--- START ---
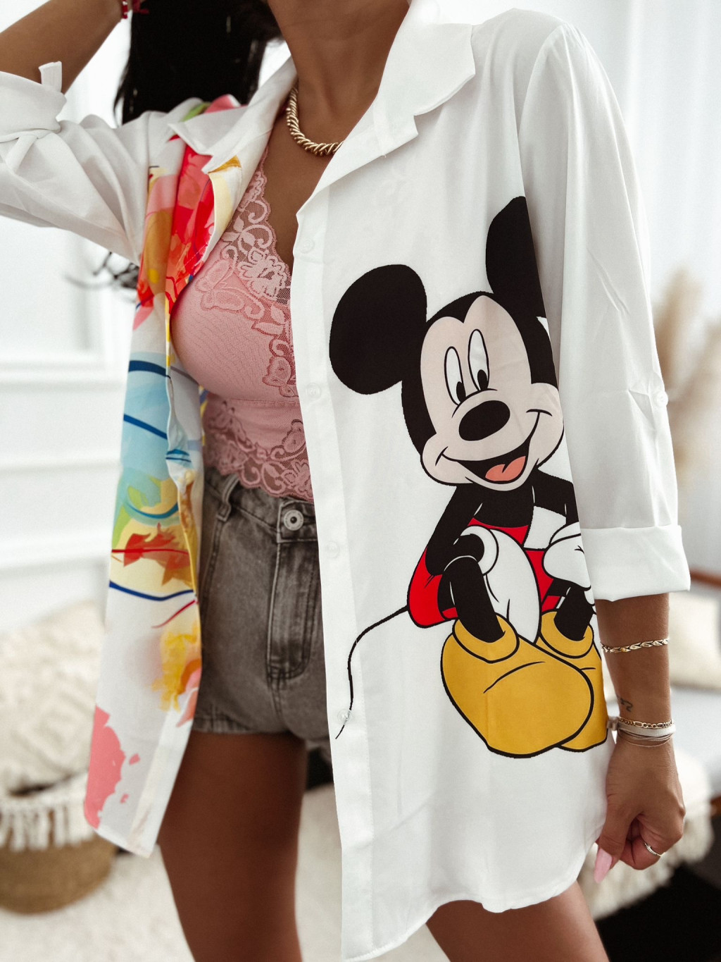 Dámska vzorovaná košeľa s potlačou Mickey - biela
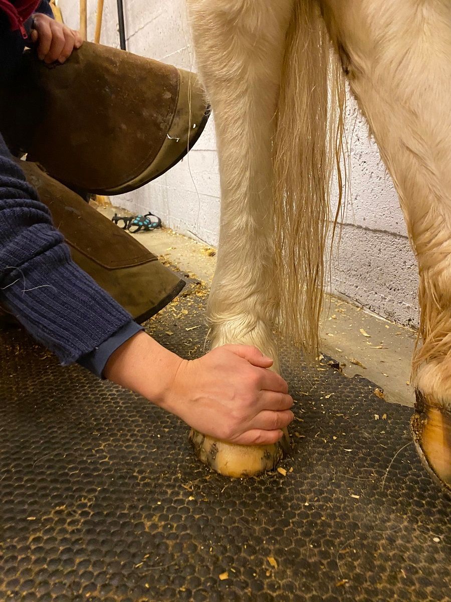 Det kan se lett ut når hovslageren tar av sko og jobber med høvene, men det kan være farlig og krever mye trening. Hvis du må ta av sko, skifte bandasje eller behandle andre skader på beina, er det viktig å være forsiktig og alltid ha med hjelp. IKKE forsøk å gjør noe som helst uten først å ha snakket med veterinær og hovslager. Noen ganger er det beste bare å tape/bandasjere hoven og la hesten stå inne til du får fatt hjelp. Husk alltid å først og fremst kontakte veterinæren hvis hesten din er halt.
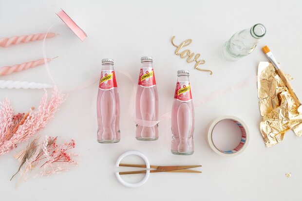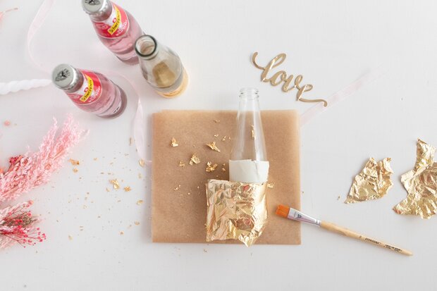 DIY Hochzeitsdeko: Trockenblumen-Kerzenständer aus leeren Glasflaschen mit Blattgold
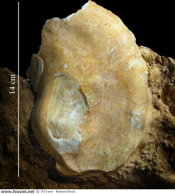 Deze 14 cm (!) grote oester was samengegroeid met een net zo grote Spondylus. De brok kwam uit de "grote afvalberg", die 2013 op de rechtse zijde van de groeve te bestuderen was. Helaas is deze berg compleet afgegraven en niet meer aanwezig.
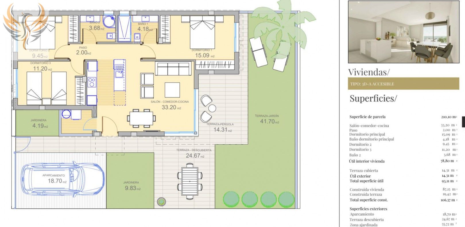 Chalet Tipo I3. con 3 Dormitorios. Superficie Util 93,11 m2. Sup. Construida 106,57 m2. Parcela 210,00 m2. Precio: 330.000 €
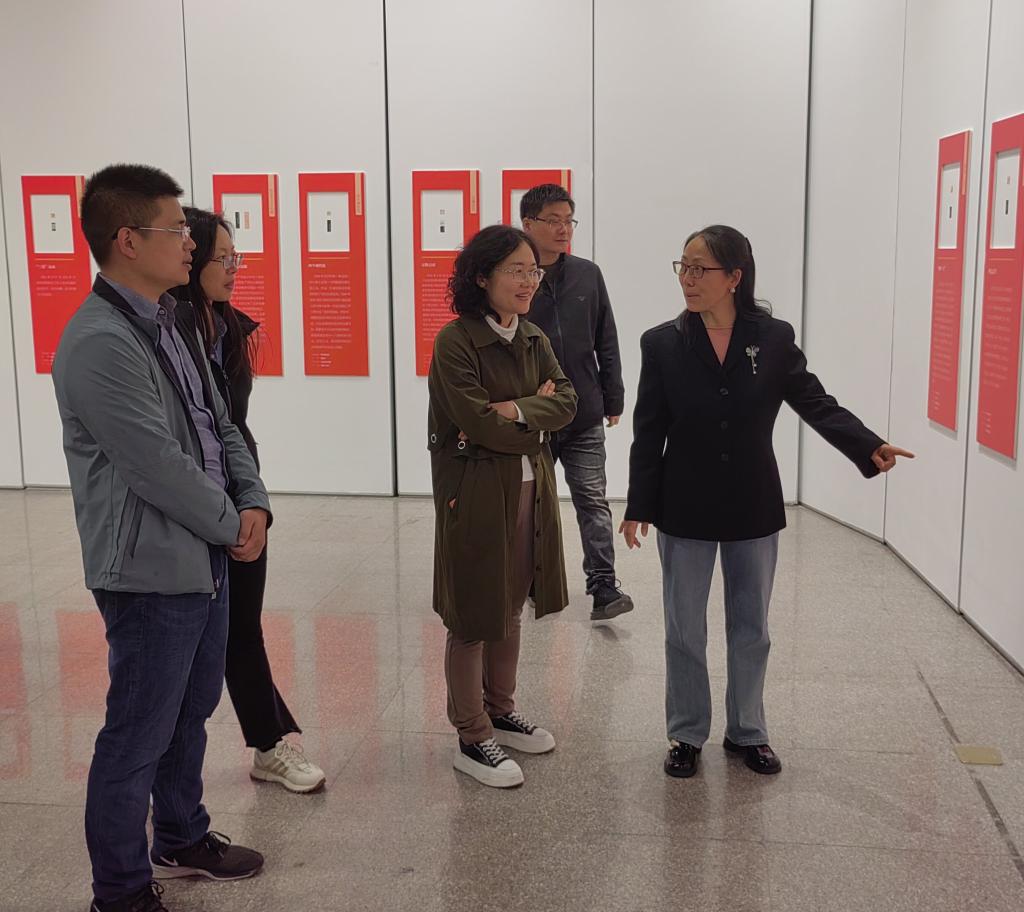 参观活动开始,主持人王辰介绍了本次展览的背景和主题。篆刻作为中国传统艺术的重要组成部分,承载着丰富的历史文化内涵。通过对篆刻艺术的主题创作,可以生动展现中国共产党的党史大事记,重温党的辉煌历程,弘扬党的优良传统,激发党员的爱国情怀和社会责任感。随后,主持人刘寒驰带领全体成员进行参观学习,她向大家介绍了展柜中的篆刻作品,她的讲解严谨认真,条理清晰。
--- END ---
WHAT YOU HAVE TO DO >>
Restate the records above exactly, less any pictures.

ANSWER SPACE >>
 Dámska vzorovaná košeľa s potlačou Mickey - biela
 Det kan se lett ut når hovslageren tar av sko og jobber med høvene, men det kan være farlig og krever mye trening. Hvis du må ta av sko, skifte bandasje eller behandle andre skader på beina, er det viktig å være forsiktig og alltid ha med hjelp. IKKE forsøk å gjør noe som helst uten først å ha snakket med veterinær og hovslager. Noen ganger er det beste bare å tape/bandasjere hoven og la hesten stå inne til du får fatt hjelp. Husk alltid å først og fremst kontakte veterinæren hvis hesten din er halt.
 DIY Hochzeitsdeko: Trockenblumen-Kerzenständer aus leeren Glasflaschen mit Blattgold
 Deze 14 cm (!) grote oester was samengegroeid met een net zo grote Spondylus. De brok kwam uit de "grote afvalberg", die 2013 op de rechtse zijde van de groeve te bestuderen was. Helaas is deze berg compleet afgegraven en niet meer aanwezig.
 Chalet Tipo I3. con 3 Dormitorios. Superficie Util 93,11 m2. Sup. Construida 106,57 m2. Parcela 210,00 m2. Precio: 330.000 €
 参观活动开始,主持人王辰介绍了本次展览的背景和主题。篆刻作为中国传统艺术的重要组成部分,承载着丰富的历史文化内涵。通过对篆刻艺术的主题创作,可以生动展现中国共产党的党史大事记,重温党的辉煌历程,弘扬党的优良传统,激发党员的爱国情怀和社会责任感。随后,主持人刘寒驰带领全体成员进行参观学习,她向大家介绍了展柜中的篆刻作品,她的讲解严谨认真,条理清晰。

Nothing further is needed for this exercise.